A New York City man was arrested recently after attempting to pass a counterfeit bill at a Cooperstown business.

David Perez, 62, of the Bronx, was charged with second-degree criminal possession of a forged instrument, a felony, and petit larceny, a misdemeanor. He was issued an appearance ticket.

After making a small purchase at Schneider’s Bakery at around 3 p.m. Tuesday, Aug. 17, Perez asked the clerk for change for a counterfeit $100 bill, according to Cooperstown Police Chief Frank Cavalieri.

“The girl behind the counter was young and probably didn’t know any better, so she gave him the change,” Cavalieri said. “She didn’t notice it was fake, but when the owner was counting the drawer later, he said he could tell by the way it felt that it wasn’t real.”

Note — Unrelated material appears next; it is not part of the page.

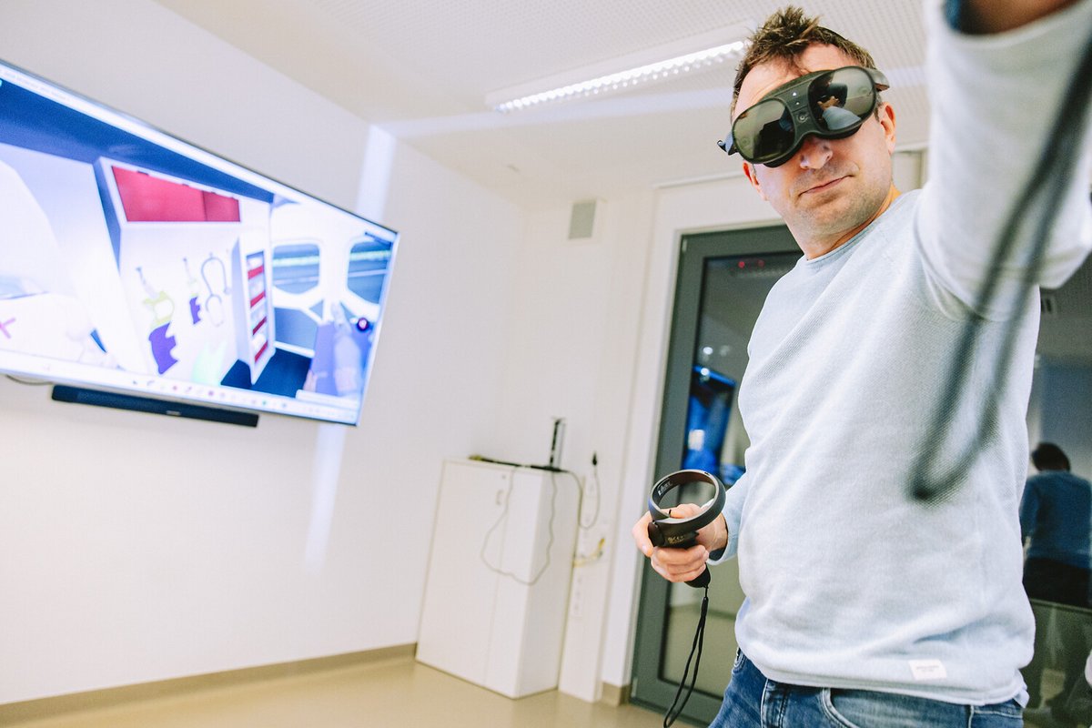 Für erfahrene und speziell zusatzqualifizierte Notärzte wird nun das Ausbildungsangebot für seltene Notfallszenarien durch Virtual Reality (VR) gezielt erweitert. Diese Technologie eröffnet zusätzliche Möglichkeiten, insbesondere seltene und komplexe Notfallszenarien immersiv abzubilden. Gemeinsam mit der StellDirVor GmbH entsteht eine interaktive, mehrspielerfähige Virtual-Reality-Trainingsumgebung. Ziel ist es, medizinische Fachkräfte noch intensiver auf kritische Situationen vorzubereiten und dabei insbesondere Teamarbeit unter realistischen Bedingungen zu trainieren.

The incident was reported to Cooperstown police at around 5 p.m., Cavalieri said, and at around 6:30 p.m., Perez and his wife were stopped and questioned in their vehicle when the bakery owners reported seeing them on Main Street.

Perez denied any knowledge that the bill was counterfeit, claiming he found it on the ground in New York City, Cavalieri said.

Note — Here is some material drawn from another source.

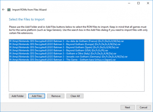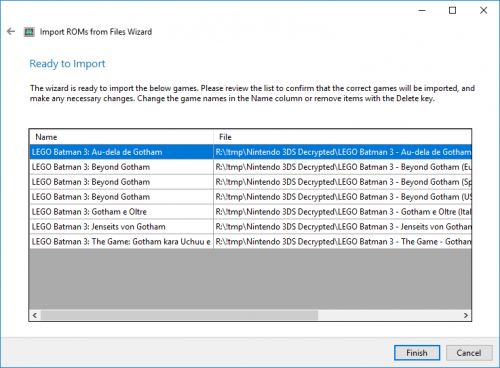 Just imported 7 games with 8.3-beta-3 for the purpose of testing the "Combine ROMs with matching titles into single game" feature introduced with version 7.7. My understanding is that imported roms sharing the same title should appear only once. In the following test, I imported 7 roms (different variants of the same game) but the import process resulted with 4 games sharing the same title. Additionally, when I select "Edit game" to compare the game path and additional apps across these 4 game titles, some of the roms are referenced more than one. For instance, "LEGO Batman 3 - Au-dela de Gotham (France) (En,Fr,De,Es,It,Nl,Da).rar" is referenced 4 times. See the spoiler below for details. The roms names were created using No-Intro [Nintendo - Nintendo 3DS (20180414-025333).dat] to insure a supported naming convention was utilized.

“He tried to deny the incident and change the story but luckily we had a recording with security footage on our phone with us incriminating him,” the bakery owners posted from the business Facebook page Monday, Aug. 23.

Perez’s wife was not charged in the incident.

“We found that she was not acting in concert with him,” Cavalieri said. “She had no knowledge of what he was doing.”

Because no other counterfeit bills were found in his possession, Cavalieri said it did not appear that Perez intended to attempt the counterfeit scheme at any other local businesses, but he encouraged local business owners to stay vigilant against fraud and theft.

“It’s prudent, as a business owner, to always be on the lookout for it,” he said. “Up here, it doesn’t really happen all that often, but you’ve got to be careful anyway.”

Tara Burke, executive director of the Cooperstown Chamber of Commerce, said she wasn’t aware of any other recent efforts to defraud local businesses during the busy summer months.

“I think everyone who is aware of this story has applauded the owners and staff of Schneider’s for their vigilance,” she said. “They were looking out for the well-being of their fellow local businesses in making sure that these people were brought to justice and unable to take advantage of anyone else. It’s a testament to how truly community-minded they are.”

“My husband wakes up at 2 a.m. every day,” the bakery owner wrote in the Facebook post. “He works his butt off every day, and to have some thief come into our home and business and take advantage of our employees and steal from us, especially during our most difficult year we’ve had yet? Catching this criminal was complete satisfaction.”